Run several iterations of kernel - multiGPU cudaLaunch cudaSetupArgument cudaConfigureCall

Hello. I’m implementing a kernel that needs be run several times, so it was defined inside a loop for a given number of iterations. The arguments passed to the kernel amount to 84 bytes and from the tests I’m already run, the fewer the size of the arguments the better the time the device takes from kernel calling to kernel finishing.

Then looking at the reference manual I stumbled across the cudaConfigureCall, cudaSetupArgument and cudaLaunch which basically do the same thing as a call to:

my_kernel<<<blocks,threads,shared_mem_size,stream>>>(ptr *sth1, ptr *sth2, ... , ptr *sthn);

in the following way:

offset=0;

cudaConfigureCall(blocks,threads,shared_mem_size,stream);

cudaSetupArgument(sth1,offset);

offset+=sizeof(sth1);

cudaSetupArgument(sth2,offset);

offset+=sizeof(sth2);

...

...

cudaSetupArgument(sthn,offset);

offset+=sizeof(sthn);

cudaLaunch("my_kernel");

(Do correct me if I’m wrong on the calls above, please)

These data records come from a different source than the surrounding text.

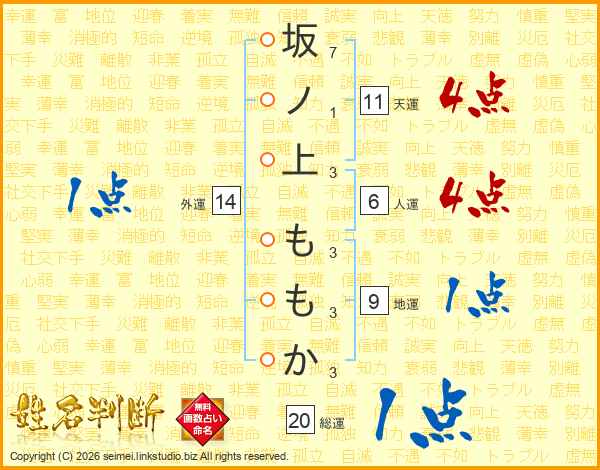 生活面を象徴する運勢です。外部から受ける影響力を表し、結婚運、家庭運や職場、環境への順応性を表します。総運から人運を引いた画数。姓や名が1文字の場合を除く。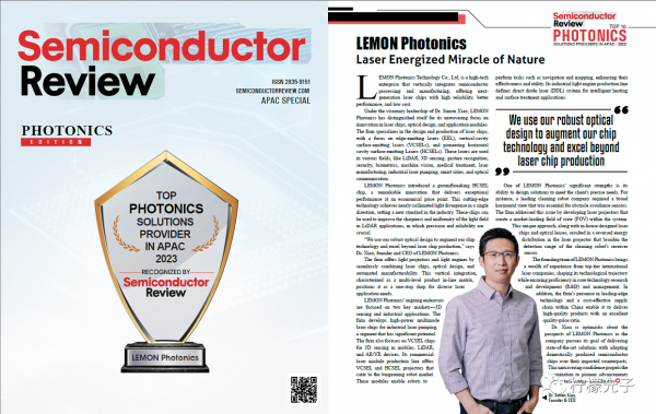 檸檬光子榮獲Semiconductor Review-《半導(dǎo)體評(píng)論》雜志2023年度“亞太地區(qū)十大光電解決方案商。2023年9月,Semiconductor Review-《半導(dǎo)體評(píng)論》對(duì)檸檬光子進(jìn)行了深度采訪,采訪結(jié)束后,Semiconductor Review-《半導(dǎo)體評(píng)論》主編表示,檸檬光子是一家杰出的半導(dǎo)體激光高科技企業(yè)。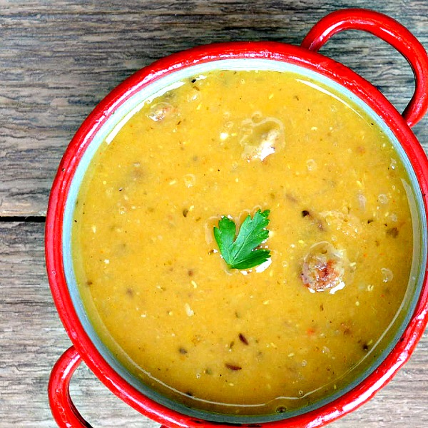 Nakrájíme si nadrobno cibuli, oloupanou bramboru, slaninu a řapíkatý celer. Pěkně dozlatova osmahneme na másle. Ideálně v hrnci s nepřilnavým povrchem. Poté zalijeme horkým vývarem. Přivedeme k varu. Vsypeme čočku a necháme asi 10-13 minut vařit. Rozmixujeme ponorným mixérem. Vrátíme na plotýnku. Zelí překrájíme na krátké (1-2 cm dlouhé) kousky. Přidáme ho do polévky, stejně tak i nálev. Přidáme všechno koření a necháme minimálně ještě 15 minut provařovat, zkrátka dokud zelí nebude měkké. Klobásky pokrájejte na centimetr dlouhé válečky a na minimu másla je osmahneme dohněda vedle na pánvičce. Přidáme do hrnce. Pár minut ještě vaříme, dochutíme, aby byla polévka silná a poctivá – možná potřebuje víc zelí nebo alespoň láku, chilli, kmínu, soli, pepře? Bylinek? Papriky? Ochutnávejte a dolazujte. Tahle polévka je nejlepší proleželá druhý den, takže ji dělejte klidně dopředu. Jen klobásky radím opéct a přidat až před podáváním. Záleží na vašem vkusu – jestliže je pro vás polévka příliš řídká, přidejte další čočku a vařte dalších 15 min (mixovat už nemusíte) a jestliže je moc hustá, stačí zředit vodou nebo vývarem a provařit pár minut.

cudaConfigureCall and cudaSetupArgument push data on the execution stack and cudaLaunch pops that data. If my_kernel runs a given number of iterations, can I use the procedure in the second listing like this?

for(/*given # iterations*/)

{

offset=0;

cudaConfigureCall(blocks,threads,shared_mem_size,stream);

cudaSetupArgument(sth1,offset);

offset+=sizeof(sth1);

cudaSetupArgument(sth2,offset);

offset+=sizeof(sth2);

...

...

cudaSetupArgument(sthn,offset);

offset+=sizeof(sthn);

}

for(/*given # iterations*/)

cudaLaunch(my_kernel);

Perhaps it seems vague as to why would one benefit from it, but running on multiple devices the greater the data passed to the kernel as arguments the greater the overhead on calling the kernel. In such a way I would benefit from having the arguments on the execution stack for that given number of iterations, having only to launch the kernel simultaneously for all devices. If the kernel is launched on four devices at the same time I get less 100 Mbps of throughput than I would with just a single device, caused by OS scheduling on usage of the bus to pass the arguments to the device I suspect.

Please don’t GPUWork me, this needs be done on pthreads. Any help is really appreciated.